- Directed by: Arnel Barbarona
- Produced by: Arnel Barbarona; Perry Dizon; Dionne Monsanto; Ethel Mendez; Arnel Mardoquio;
- Starring: Dionne Monsanto; Perry Dizon; Dax Alejandro; Jeff Sabayle; Nor Heela Macusang;
- Cinematography: Bryan Jimenez; Arnel Barbarona;
- Edited by: Arbi Barbarona
- Music by: Teresa Barrozo
- Release date: 14 October 2019 (QCinema International Film Festival);
- Running time: 103 minutes
- Country: Philippines
- Language: Visayan

= Kaaway sa Sulod =

2019 Filipino drama film

Kaaway sa Sulod (lit. 'The Enemy Within') is a 2019 psychological thriller drama.

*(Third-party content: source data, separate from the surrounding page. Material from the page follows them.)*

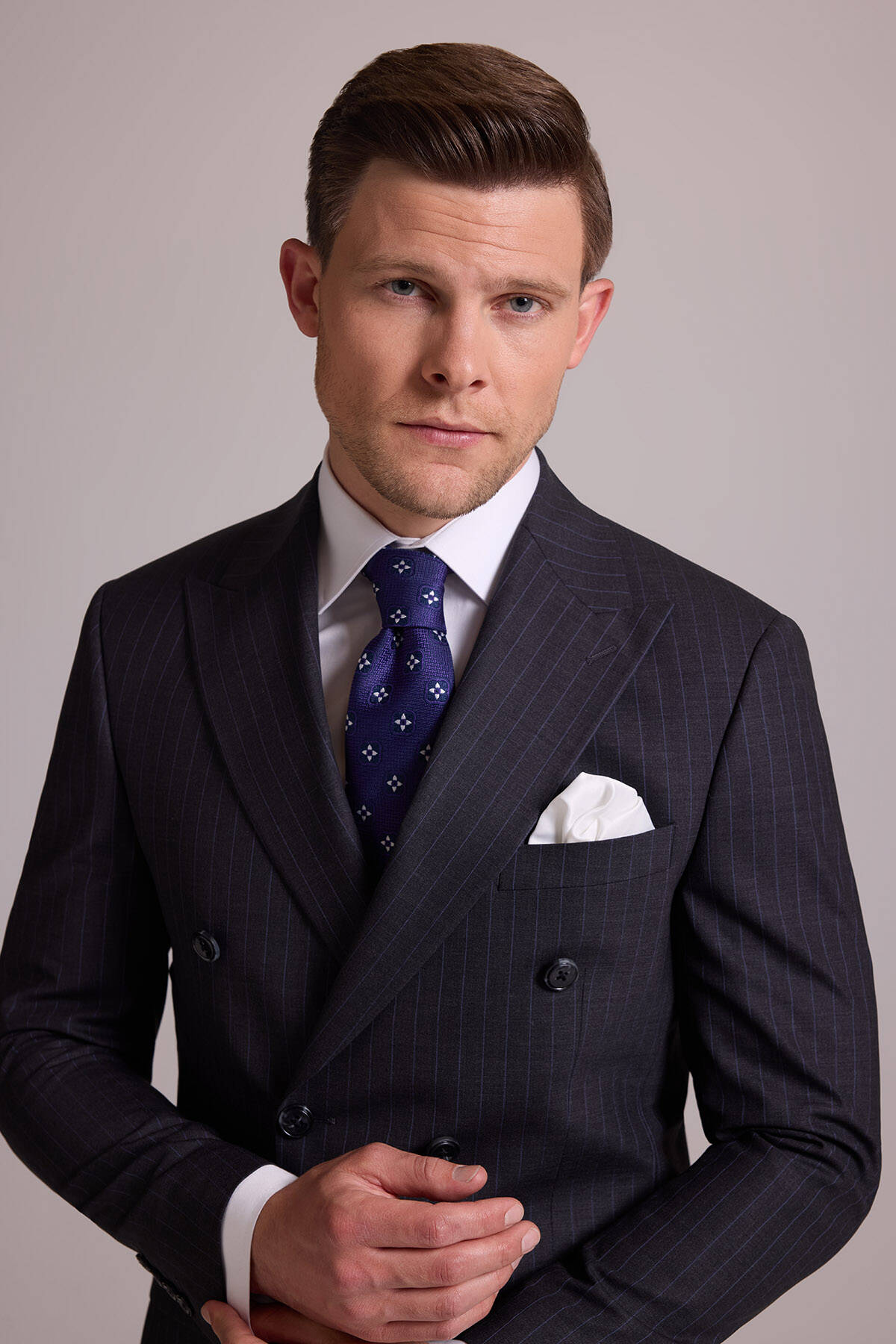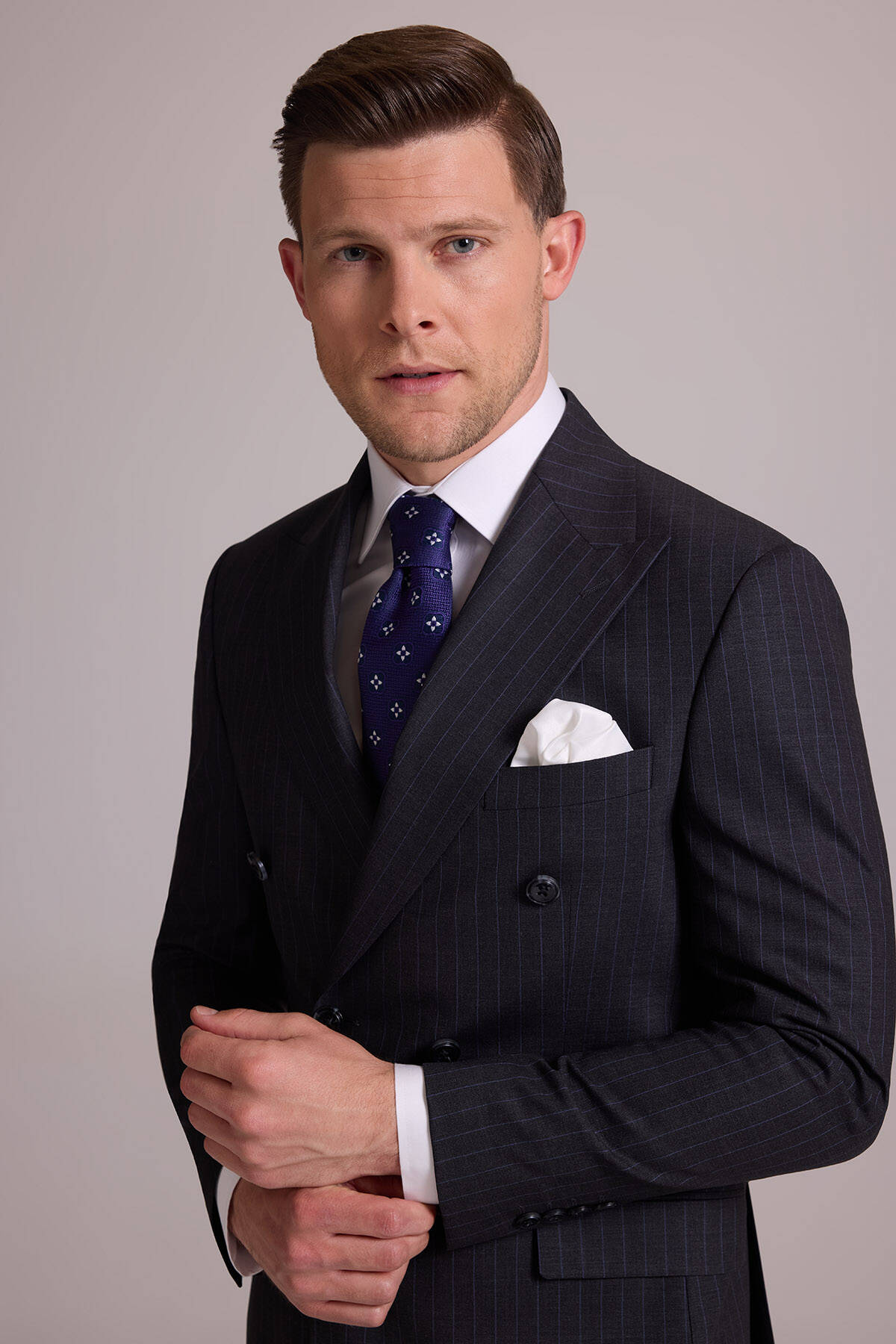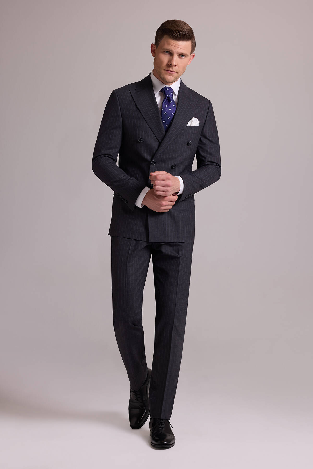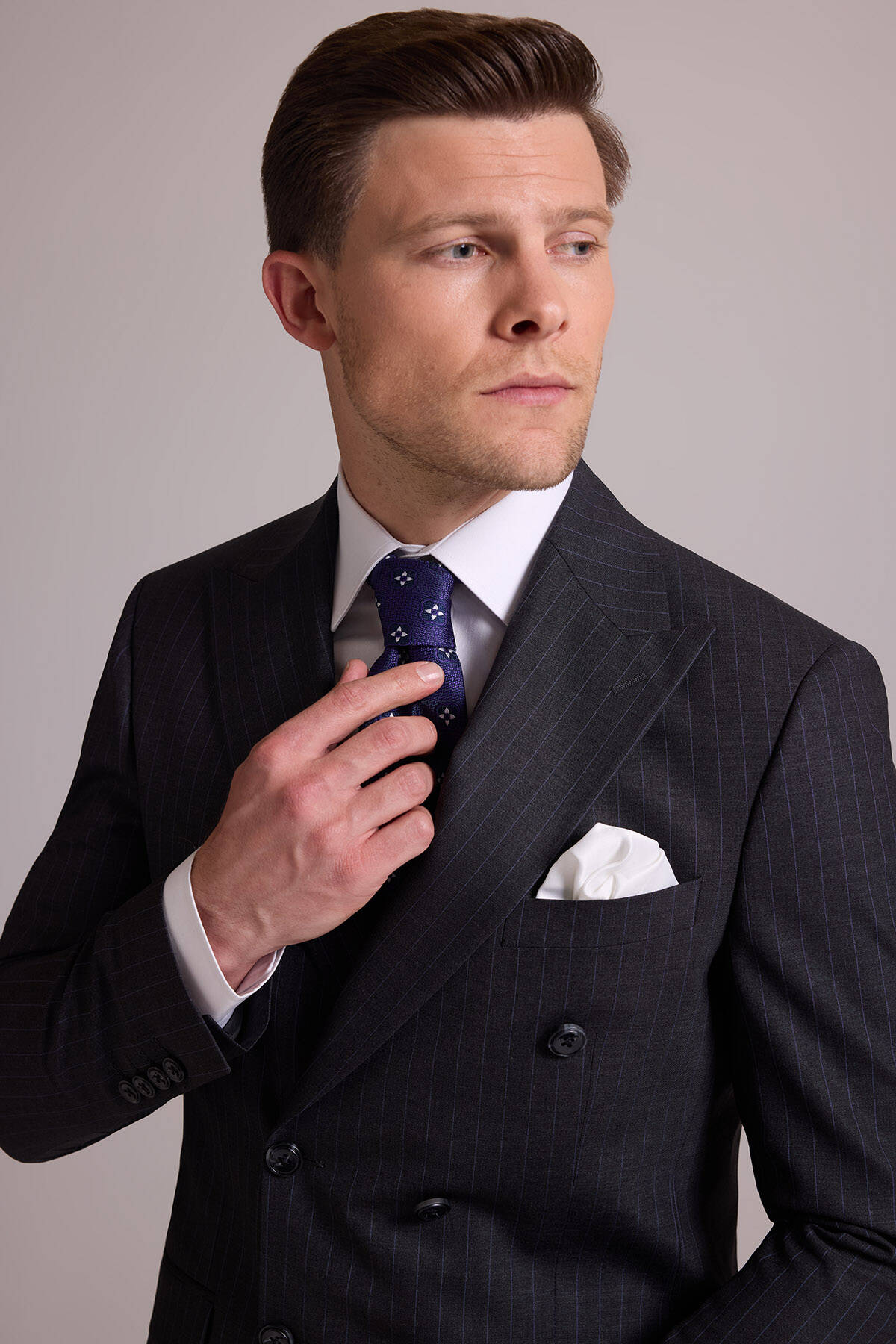 Erkek Lacivert Çizgili Slim Fit Sivri Yaka Kruvaze %100 Yün Takım Elbise
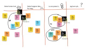 - Jeg liker å gruppere lappene underveis, sånn at det blir lettere å holde oversikt over temaer og å finne igjen enkeltlapper etterpå. Pass på å ikke lage for brede kategorier. Det bør være ting det går an å finne tiltak for!
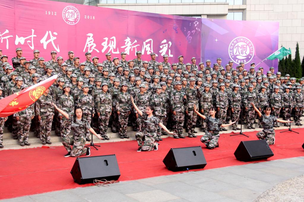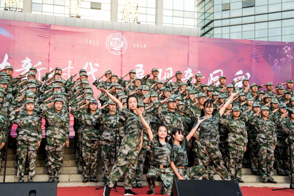 9月12日下午,以“建功新时代,展现新风采”为主题的2018级新生军训歌咏比赛在金明校区明德广场隆重举行。我院新生两百余人演唱了《yl23411永利集团官网校歌》以及自选曲目《光荣与梦想》并取得优异成绩。

It is the second full-length film directed by Arnel Barbarona and written by Arnel Mardoquio.

==Synopsis==
Two women on opposing sides of an armed conflict unexpectedly find that they are mirror images of each other and a shared past that would unite them. Lieutenant Raiza Umali was assigned to a team protecting a mysterious businessman in hiding. When they subdue his attackers, a New People's Army squad, she finds out one of its leaders, Ka Lai, resembles her.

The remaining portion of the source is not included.